* _Stored records_
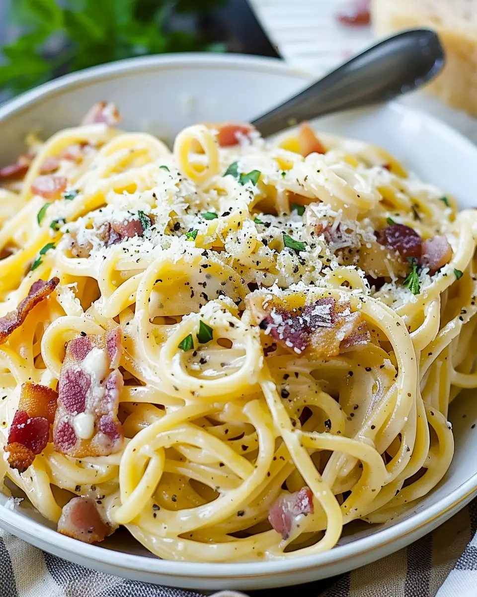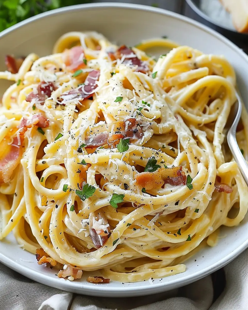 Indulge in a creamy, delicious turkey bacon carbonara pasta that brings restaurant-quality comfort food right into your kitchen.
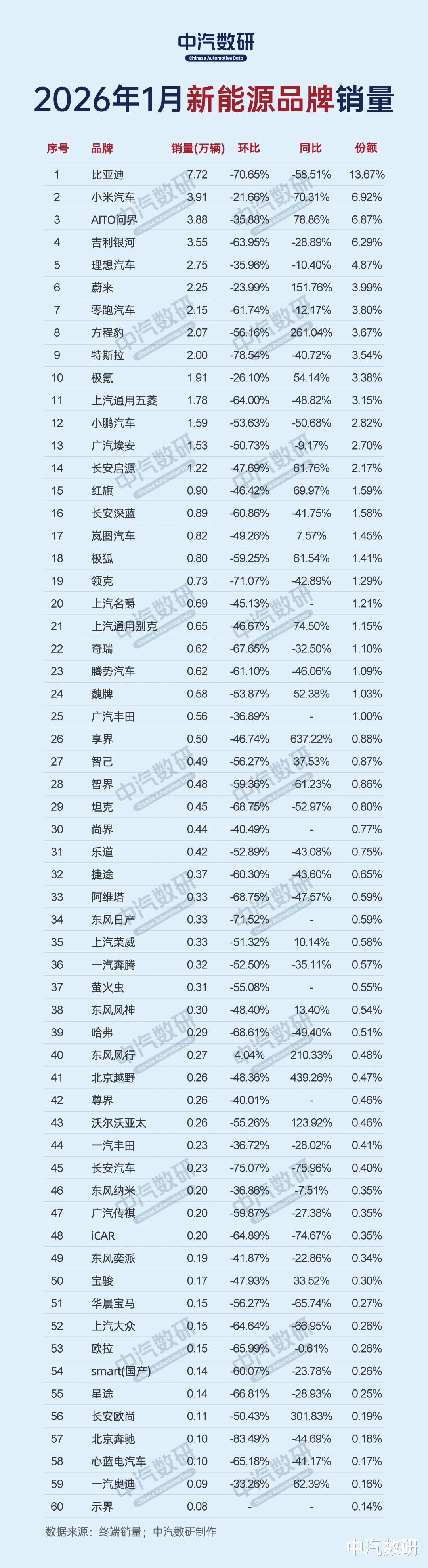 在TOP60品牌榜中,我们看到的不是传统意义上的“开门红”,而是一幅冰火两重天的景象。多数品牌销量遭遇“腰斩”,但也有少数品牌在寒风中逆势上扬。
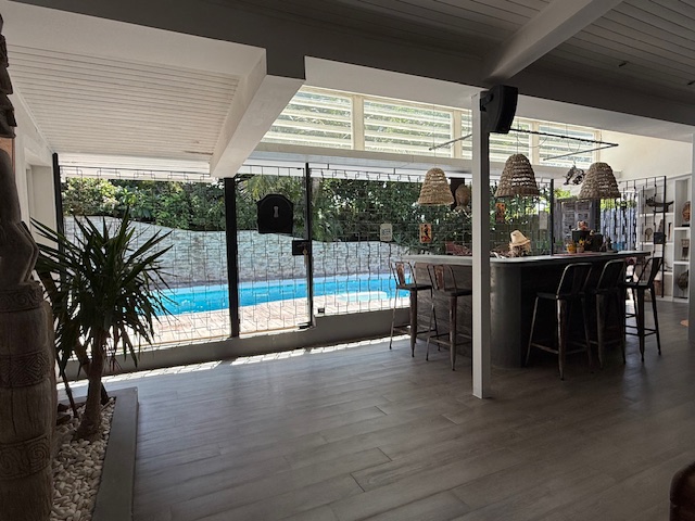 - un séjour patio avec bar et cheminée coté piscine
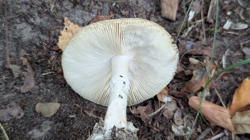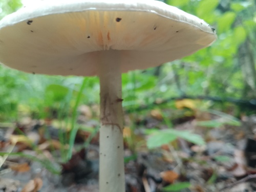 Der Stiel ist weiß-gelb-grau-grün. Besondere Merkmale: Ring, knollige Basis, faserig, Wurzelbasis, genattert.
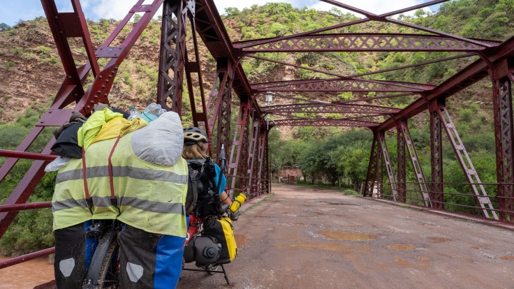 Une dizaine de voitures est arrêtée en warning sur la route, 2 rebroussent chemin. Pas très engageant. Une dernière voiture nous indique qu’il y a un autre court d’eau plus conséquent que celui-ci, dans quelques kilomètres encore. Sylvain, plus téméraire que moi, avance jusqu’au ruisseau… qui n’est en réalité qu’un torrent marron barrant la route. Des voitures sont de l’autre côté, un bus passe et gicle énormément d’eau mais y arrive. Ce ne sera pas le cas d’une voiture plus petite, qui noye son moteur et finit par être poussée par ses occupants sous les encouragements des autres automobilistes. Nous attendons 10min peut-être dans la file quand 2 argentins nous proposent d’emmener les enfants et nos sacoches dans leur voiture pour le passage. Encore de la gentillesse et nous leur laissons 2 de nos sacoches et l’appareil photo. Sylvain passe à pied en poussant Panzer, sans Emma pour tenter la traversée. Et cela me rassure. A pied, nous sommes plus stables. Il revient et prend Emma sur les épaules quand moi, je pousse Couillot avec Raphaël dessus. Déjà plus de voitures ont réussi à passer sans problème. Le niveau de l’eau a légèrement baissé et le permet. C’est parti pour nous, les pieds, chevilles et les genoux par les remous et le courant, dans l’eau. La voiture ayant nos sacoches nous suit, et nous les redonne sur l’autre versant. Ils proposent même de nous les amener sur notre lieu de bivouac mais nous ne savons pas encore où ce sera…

* _Assignment_
The entries are to be restated word for word, and no picture should appear in the copy.

* _Task solution_
 Indulge in a creamy, delicious turkey bacon carbonara pasta that brings restaurant-quality comfort food right into your kitchen.
 在TOP60品牌榜中,我们看到的不是传统意义上的“开门红”,而是一幅冰火两重天的景象。多数品牌销量遭遇“腰斩”,但也有少数品牌在寒风中逆势上扬。
 - un séjour patio avec bar et cheminée coté piscine
 Der Stiel ist weiß-gelb-grau-grün. Besondere Merkmale: Ring, knollige Basis, faserig, Wurzelbasis, genattert.
 Une dizaine de voitures est arrêtée en warning sur la route, 2 rebroussent chemin. Pas très engageant. Une dernière voiture nous indique qu’il y a un autre court d’eau plus conséquent que celui-ci, dans quelques kilomètres encore. Sylvain, plus téméraire que moi, avance jusqu’au ruisseau… qui n’est en réalité qu’un torrent marron barrant la route. Des voitures sont de l’autre côté, un bus passe et gicle énormément d’eau mais y arrive. Ce ne sera pas le cas d’une voiture plus petite, qui noye son moteur et finit par être poussée par ses occupants sous les encouragements des autres automobilistes. Nous attendons 10min peut-être dans la file quand 2 argentins nous proposent d’emmener les enfants et nos sacoches dans leur voiture pour le passage. Encore de la gentillesse et nous leur laissons 2 de nos sacoches et l’appareil photo. Sylvain passe à pied en poussant Panzer, sans Emma pour tenter la traversée. Et cela me rassure. A pied, nous sommes plus stables. Il revient et prend Emma sur les épaules quand moi, je pousse Couillot avec Raphaël dessus. Déjà plus de voitures ont réussi à passer sans problème. Le niveau de l’eau a légèrement baissé et le permet. C’est parti pour nous, les pieds, chevilles et les genoux par les remous et le courant, dans l’eau. La voiture ayant nos sacoches nous suit, et nous les redonne sur l’autre versant. Ils proposent même de nous les amener sur notre lieu de bivouac mais nous ne savons pas encore où ce sera…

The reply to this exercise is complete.